In [1]:
# Dependencies and Setup
import matplotlib.pyplot as plt
import pandas as pd
import numpy as np
from scipy import stats
from scipy.stats import linregress
import cpi
cpi.update()

ModuleNotFoundError: No module named 'cpi'

In [None]:
# CSV Path
imdb_movies_csv = "Data/imdb_movies.csv"
box_office_csv = "Data/boxoffice.csv"

In [None]:
# Variables for the seperate data frames 
imdb_df = pd.read_csv(imdb_movies_csv)
box_office_df = pd.read_csv(box_office_csv)

In [None]:
# Removing columns I do not need
col_imdb_df = imdb_df[['imdb_title_id', 'original_title', 'year', 'date_published', 'genre', 'duration', 'country', 
                         'language', 'director', 'writer', 'production_company', 'actors', 'avg_vote', 'votes']]

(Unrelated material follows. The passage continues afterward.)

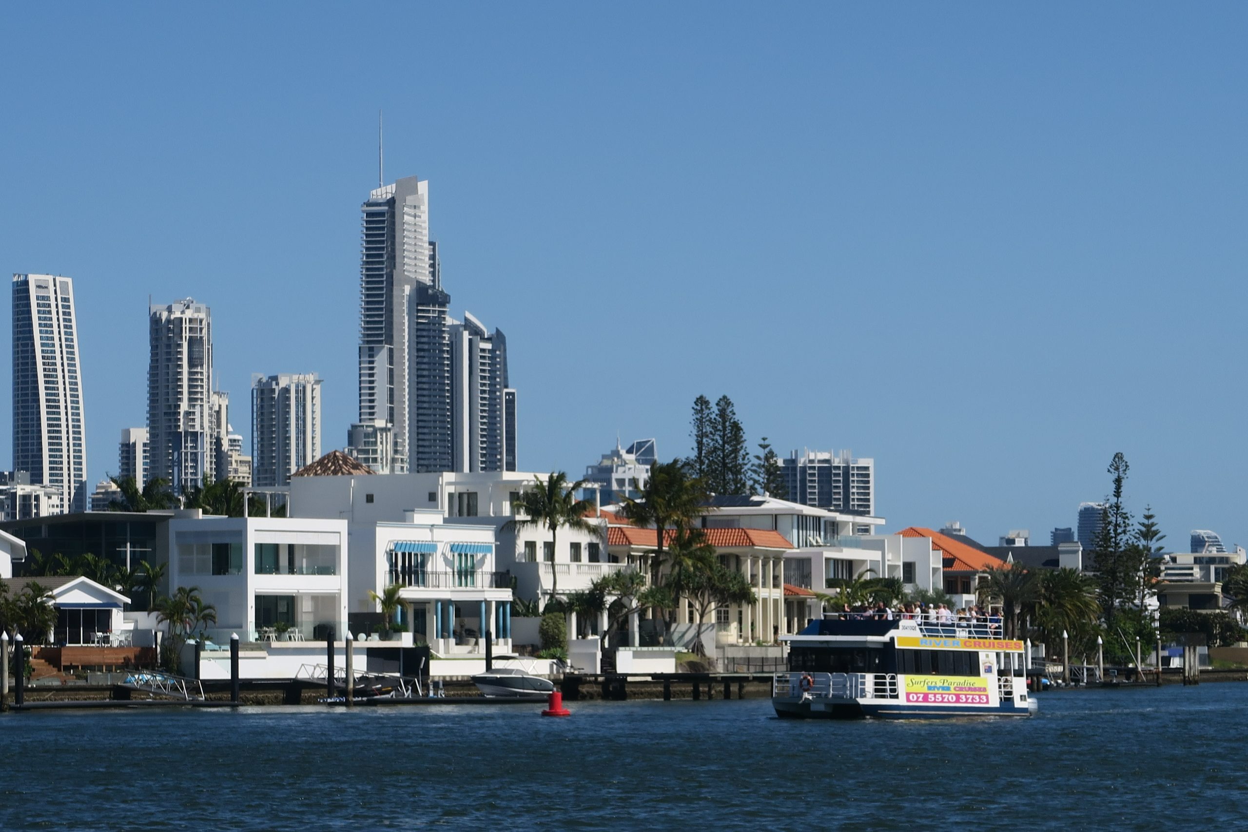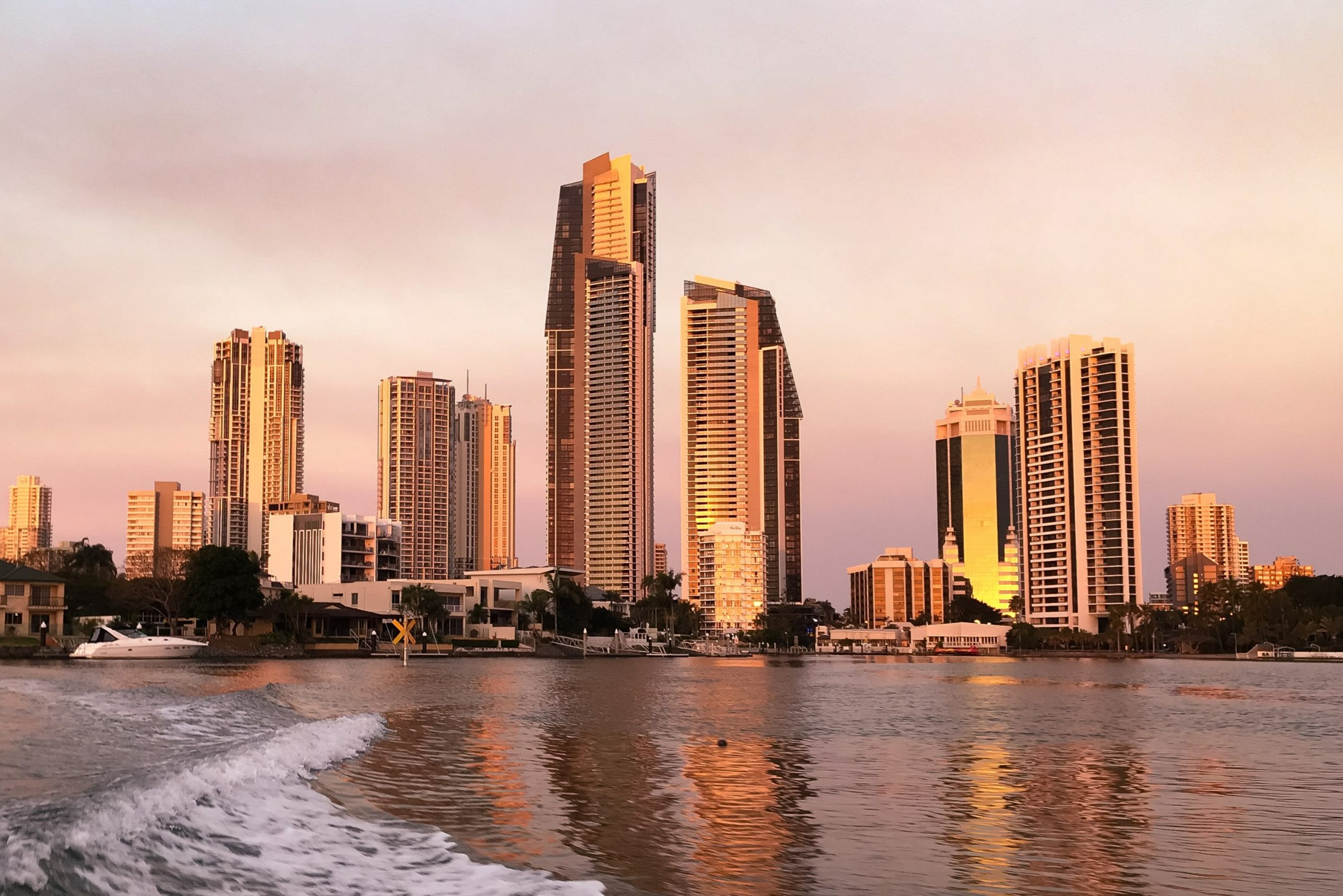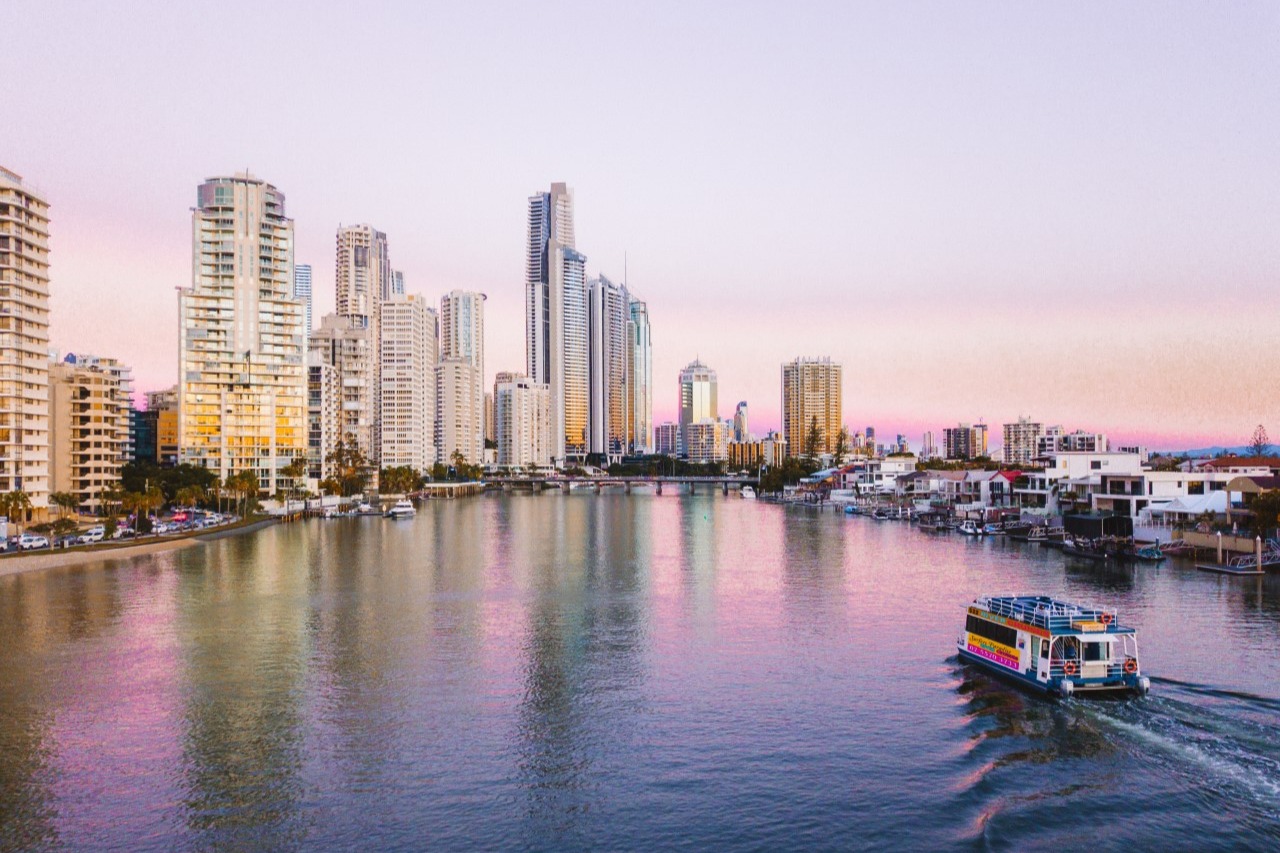 在令人惊叹的黄金海岸日落游轮上放松身心,欣赏冲浪者天堂运河、海市蜃楼码头和布罗德沃特的美景

col_box_office_df = box_office_df[['title', 'lifetime_gross', 'year']]


In [None]:
# Renaming columns to be more uniform
col_imdb_df = col_imdb_df.rename(columns={'imdb_title_id': "IMDB ID", 'original_title': 'Title', 'year': 'Year', 
                                          'date_published': 'Date Published', 'genre': 'Genre', 'duration': 'Duration',
                                         'country': 'Country', 'language': 'Language', 'director': 'Director', 'writer': 'Writer',
                                         'production_company': 'Production Company', 'actors': 'Actors', 'avg_vote': 'Avg Rating',
                                          'votes': '# of Ratings'})

col_box_office_df = col_box_office_df.rename(columns={'title': 'Title', 'lifetime_gross': 'Lifetime_Gross', 'year': 'Year'})

In [None]:
# Merging data frames
movie_data = pd.merge(col_imdb_df, col_box_office_df, on=['Title', 'Year'], how='inner')

# Dropping data that is not available through CPI
movie_data.drop(movie_data[movie_data['Year'] == 1912 ].index , inplace=True)
movie_data.drop(movie_data[movie_data['Year'] == 2019 ].index , inplace=True)
movie_data.drop(movie_data[movie_data['Year'] == 2020 ].index , inplace=True)

In [None]:
# Sort IMDB ID
movie_data.sort_values("IMDB ID", inplace = True)

# Drop duplicate IMDB ID
movie_data.drop_duplicates(subset ="IMDB ID", keep = False, inplace = True)

In [None]:
# Calculating inflation through CPI library 
# Source: https://medium.com/analytics-vidhya/adjusting-for-inflation-when-analysing-historical-data-with-python-9d69a8dcbc27
def inflate_column(data, column):
    
    return data.apply(lambda x: cpi.inflate(x[column], x.Year), axis=1)          
    
movie_data['Lifetime Gross - Adjusted ($)'] = inflate_column(movie_data, 'Lifetime_Gross')

In [None]:
# Converting scientific notation
movie_data["Lifetime Gross - Adjusted ($)"].describe().apply(lambda x: format(x, 'f'))
pd.options.display.float_format = '{:,.2f}'.format

# Formatting columns
movie_data['Lifetime_Gross'] = movie_data['Lifetime_Gross'].astype(float).map("${:,.2f}".format)
movie_data['Lifetime Gross - Adjusted ($)'] = movie_data['Lifetime Gross - Adjusted ($)'].astype(float).map("${:,.2f}".format)

In [None]:
movie_data.head()

In [None]:
# Pushing the cleaned DF to a CSV file
movie_data.to_csv("Data/data_cleaning.csv")